Cartridge in an Industrial Pipe

In this setting, we would house the bacteria within a cartridge, which will be stuck to the inside of the pipe. The cartridge will be separated into at least 2 compartments, one containing media and bacteria, and the other which allows water to flow past the bacterial compartment. The two compartments would be separated by a semipermeable membrane, which would have pores big enough to let proteins and signalling molecules through, but small enough to prevent the bacteria escaping.

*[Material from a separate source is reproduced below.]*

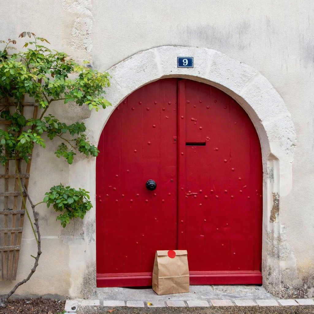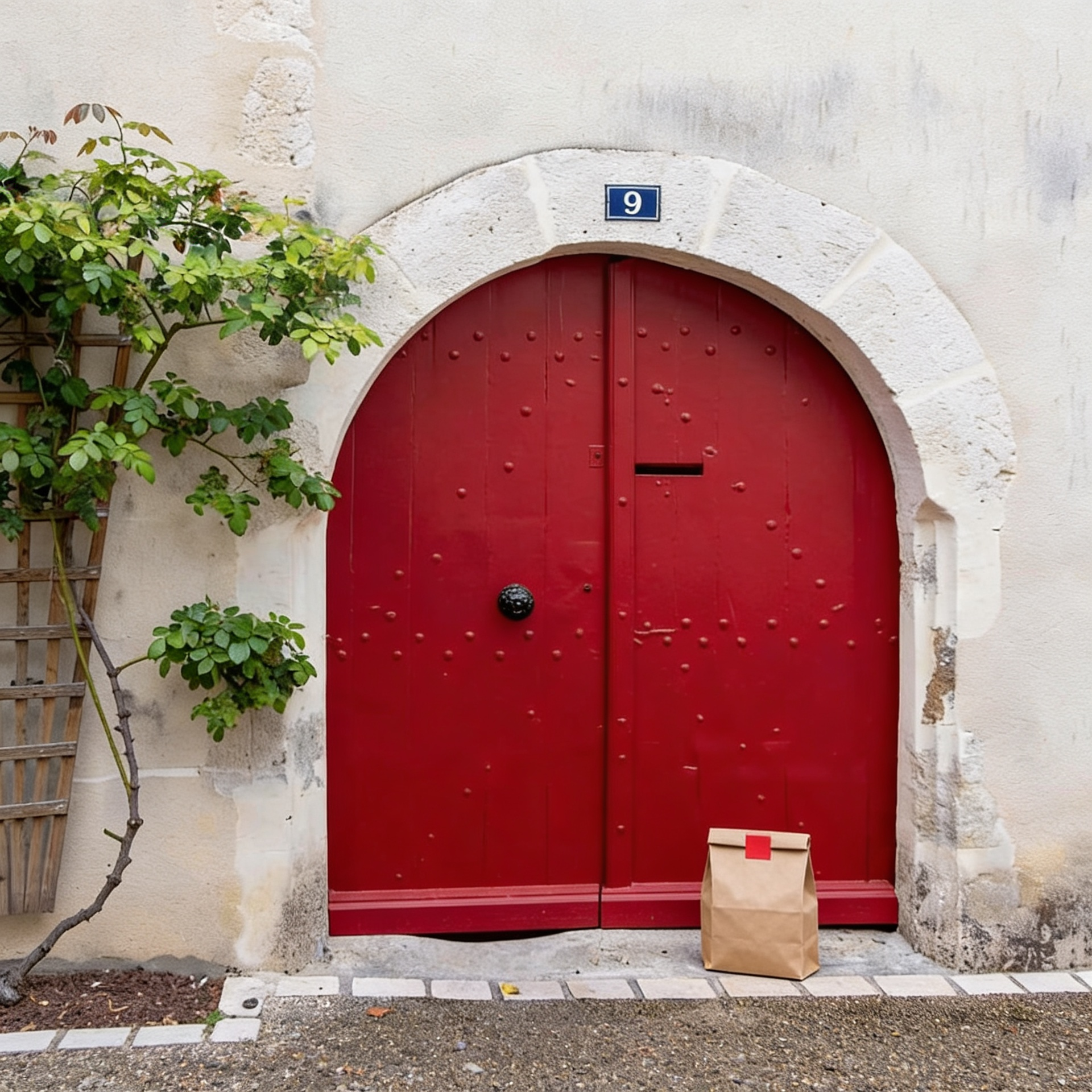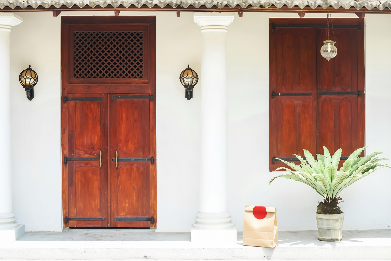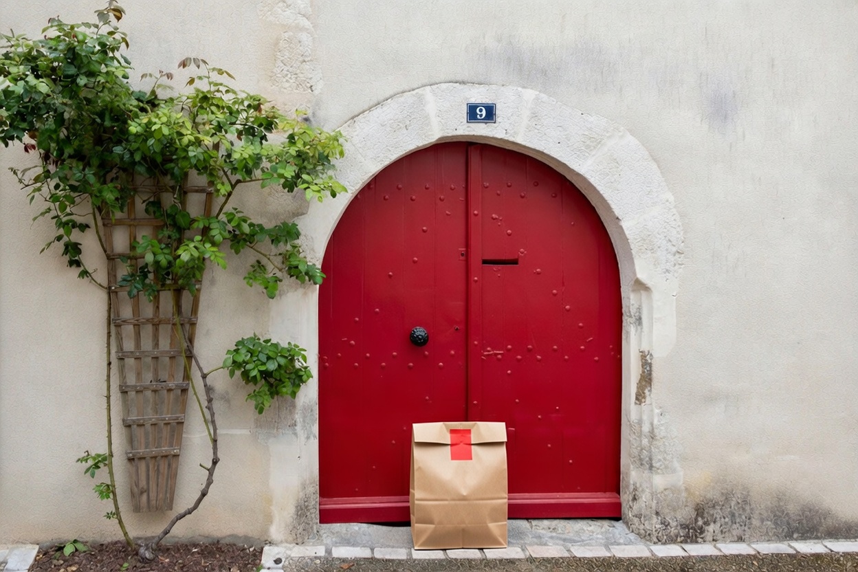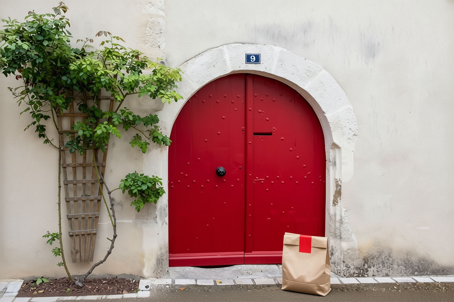 “In this existing photo, add a food delivery paper bag on the ground right in front of the door. The bag should be a small brown paper bag with a solid plain red sticker on the top keeping it closed. Preserve existing photo style and lighting as much as possible.”

We would include a modified version of the kill switch, which has a promoter sensitive to AI2, valine and light. This means that only when valine is supplied in high enough quantities (e.g. when the bacteria are within the media containing compartment), when there is no light (e.g. when within the pipe), and when other bacteria are being sensed, LacI will be expressed, meaning that it will bind to the lac operator, preventing the expression of CASP8, allowing the cell to live. If any one of these criteria do not hold, then the bacteria will be killed, since LacI will not be expressed.

Good points:

• Multiple levels of containment to prevent bacteria getting into the water pipe, and still more molecular criteria to prevent bacteria living in an undesired environment.
• We can design the cartridge to allow maximum expression of biofilm degrading agents without having to alter the bacterial system.

Problems:

• If the bacteria get out of the compartment through perforation of the membrane, the public may not want bacteria, even if they are dead, being transported through the water system.
• This would need to be combated by having extra levels of filtration during water purification, but it is relatively simple to centrifuge out bacteria from water, as they pellet easily.